However, no tax will be levied on EPF withdrawals before 5 years in certain cases depending on the situation. They are:
- When you need to withdraw funds for medical emergencies or health issues that cannot be avoided
- When your full PF amount is lower than Rs.50,000
- When you withdraw your PF balance with Form 15G or Form 15H (If you submit PAN, then there will be a TDS at 10%)
- When you transfer your PF balance from a PF account to another account
- When the employer’s business is withdrawn
Online Grievances Portal for PF Withdrawal
If you want to register any grievance regarding the services provided by the EPFO, you can visit the EPF grievance management system online. In this system, you can file a grievance, send a reminder, check the status of your complaint or grievance, upload your grievance document, or even change your password.
How to register a grievance?
- You will have to go the EPFO Grievance Management System and click on ‘Register Grievance’.
- You will then see a grievance registration form. Here, you will have to fill all the required fields accurately.
- You will need to choose your status from the drop-down option.
- Next, you will have to key in your PF number, your establishment, address of establishment, name of complainant, contact details, grievance details, etc. You can then enter the captcha code and click ‘Submit’.
Types of EPFO grievances
You can register a grievance when you face issues associated with:
- Return of cheque or misplacement of cheque
- Scheme certificate (10C)
- Transfer of your PF accumulations (F-13)
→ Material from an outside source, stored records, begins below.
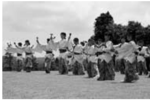
ソーランWAVE寺泊(寺泊)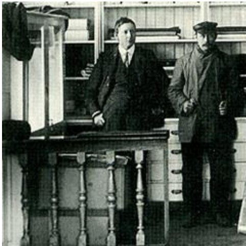
Úr „Hvítu búðinni“ þ.e. Höpepfnersverzlun. Í stóru herbergi inn af búðinni voru fjórar stórar tunnur á stökkum, brennivín, koniak, romm og messuvín.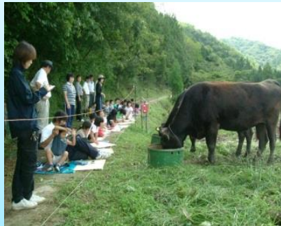
レンタカウの写生大会

- Settlement of your pension (10-D)
- Provision of PF balance or PF slip
- Others
You can file a grievance online and then check its status on the portal itself. In case your complaint is not resolved within the stipulated period of time, you can send a reminder to them by clicking on ‘Send Reminder’. Here, you will need to enter your grievance registration number and password (if you have any).
Types of PF Withdrawals
Subscribers can make three different types of PF withdrawals on the EPFO member portal. They are:
- PF final settlement
- PF partial withdrawal
- Pension withdrawal benefit
Subscribers can make the above-listed withdrawals on the EPFO member portal with the attestation of their employer if they have seeded their Aadhaar card details with their UAN.
PF Withdrawal Rules
In order to ensure that employees continue to be enrolled in the scheme and avoid making withdrawals from their PF corpus and instead save it for the future or for retirement, EPFO has listed a number of PF withdrawal rules. They are as follows.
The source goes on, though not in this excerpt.